Data for this exercise:
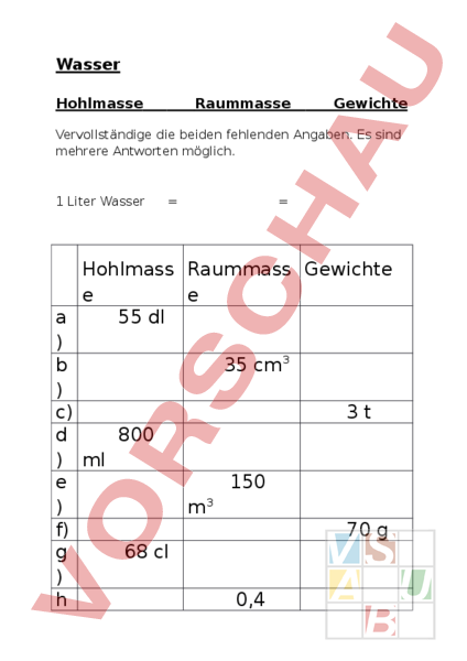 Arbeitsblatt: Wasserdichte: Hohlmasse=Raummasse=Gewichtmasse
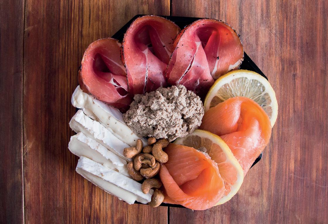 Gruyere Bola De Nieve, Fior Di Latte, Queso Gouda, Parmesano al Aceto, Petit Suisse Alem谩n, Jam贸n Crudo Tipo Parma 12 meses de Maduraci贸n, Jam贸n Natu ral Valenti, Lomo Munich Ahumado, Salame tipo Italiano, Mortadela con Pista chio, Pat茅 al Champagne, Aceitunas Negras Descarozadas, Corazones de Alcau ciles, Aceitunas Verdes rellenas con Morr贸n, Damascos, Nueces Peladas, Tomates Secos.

* * *

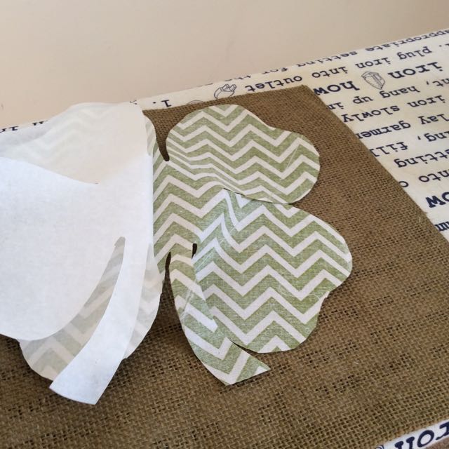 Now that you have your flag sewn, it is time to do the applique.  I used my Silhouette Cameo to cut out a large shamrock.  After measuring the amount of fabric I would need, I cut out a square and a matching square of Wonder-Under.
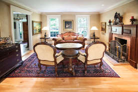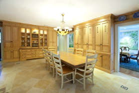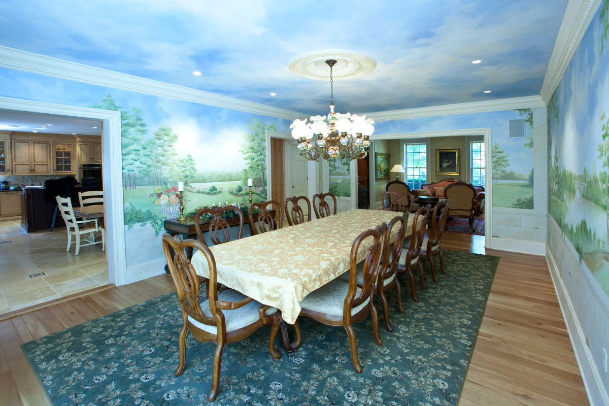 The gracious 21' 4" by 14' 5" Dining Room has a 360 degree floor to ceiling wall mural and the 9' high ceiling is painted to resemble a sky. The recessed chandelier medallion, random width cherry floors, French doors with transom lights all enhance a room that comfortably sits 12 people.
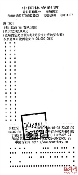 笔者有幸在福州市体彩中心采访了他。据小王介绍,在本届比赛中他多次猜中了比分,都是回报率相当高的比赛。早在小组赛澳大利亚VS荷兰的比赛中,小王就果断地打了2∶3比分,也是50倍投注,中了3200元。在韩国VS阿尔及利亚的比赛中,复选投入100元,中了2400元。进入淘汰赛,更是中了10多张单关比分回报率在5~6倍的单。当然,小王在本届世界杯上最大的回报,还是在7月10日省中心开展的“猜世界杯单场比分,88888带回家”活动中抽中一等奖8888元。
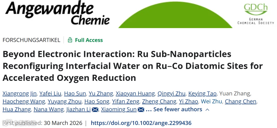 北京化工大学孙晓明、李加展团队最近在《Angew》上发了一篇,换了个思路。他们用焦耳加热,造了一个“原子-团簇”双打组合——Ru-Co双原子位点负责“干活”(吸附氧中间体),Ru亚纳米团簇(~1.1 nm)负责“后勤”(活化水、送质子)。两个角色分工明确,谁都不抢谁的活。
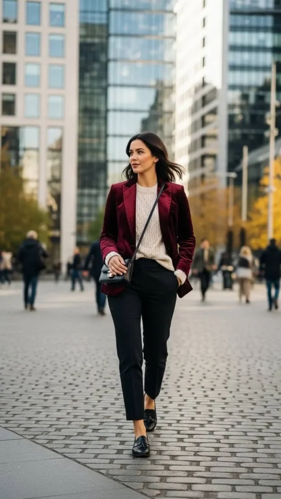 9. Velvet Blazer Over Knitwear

* * *

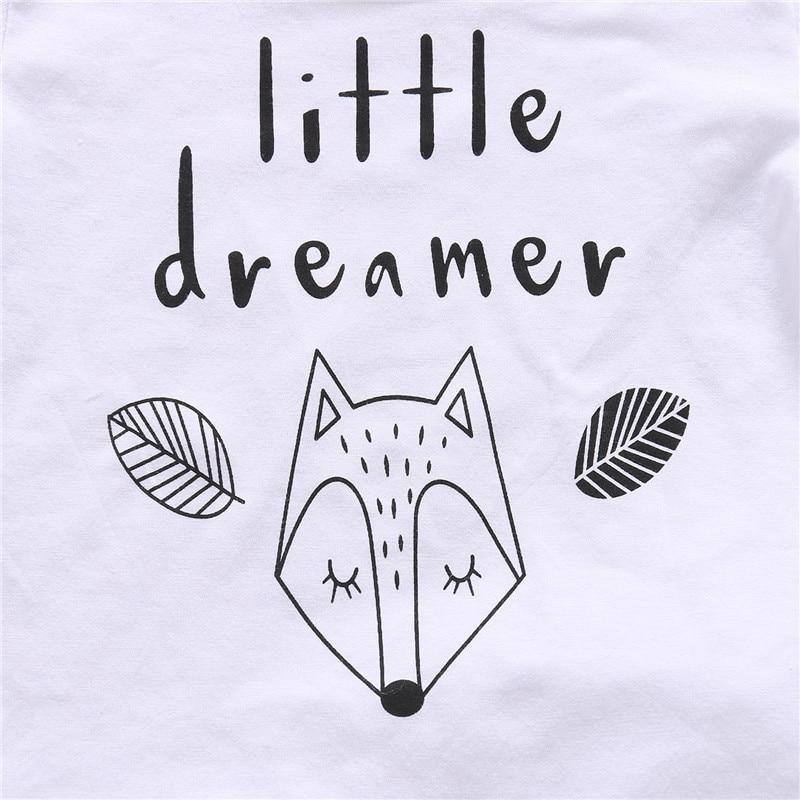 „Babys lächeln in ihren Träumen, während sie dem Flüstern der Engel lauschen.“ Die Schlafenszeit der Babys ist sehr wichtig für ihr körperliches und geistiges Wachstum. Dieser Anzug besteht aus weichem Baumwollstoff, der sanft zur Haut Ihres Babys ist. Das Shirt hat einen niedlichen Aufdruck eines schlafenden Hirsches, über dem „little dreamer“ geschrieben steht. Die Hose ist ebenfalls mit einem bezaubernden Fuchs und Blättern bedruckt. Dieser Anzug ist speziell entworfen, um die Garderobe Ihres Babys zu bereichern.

Task requirements:
Exact repeat of the material above: every line from the one with "Now that you" through the one with "9. Velvet Blazer Over Knitwear", endpoints included, and nothing more. No pictures.

Exercise answer:
 Now that you have your flag sewn, it is time to do the applique.  I used my Silhouette Cameo to cut out a large shamrock.  After measuring the amount of fabric I would need, I cut out a square and a matching square of Wonder-Under.
 The gracious 21' 4" by 14' 5" Dining Room has a 360 degree floor to ceiling wall mural and the 9' high ceiling is painted to resemble a sky. The recessed chandelier medallion, random width cherry floors, French doors with transom lights all enhance a room that comfortably sits 12 people.
 笔者有幸在福州市体彩中心采访了他。据小王介绍,在本届比赛中他多次猜中了比分,都是回报率相当高的比赛。早在小组赛澳大利亚VS荷兰的比赛中,小王就果断地打了2∶3比分,也是50倍投注,中了3200元。在韩国VS阿尔及利亚的比赛中,复选投入100元,中了2400元。进入淘汰赛,更是中了10多张单关比分回报率在5~6倍的单。当然,小王在本届世界杯上最大的回报,还是在7月10日省中心开展的“猜世界杯单场比分,88888带回家”活动中抽中一等奖8888元。
 北京化工大学孙晓明、李加展团队最近在《Angew》上发了一篇,换了个思路。他们用焦耳加热,造了一个“原子-团簇”双打组合——Ru-Co双原子位点负责“干活”(吸附氧中间体),Ru亚纳米团簇(~1.1 nm)负责“后勤”(活化水、送质子)。两个角色分工明确,谁都不抢谁的活。
 9. Velvet Blazer Over Knitwear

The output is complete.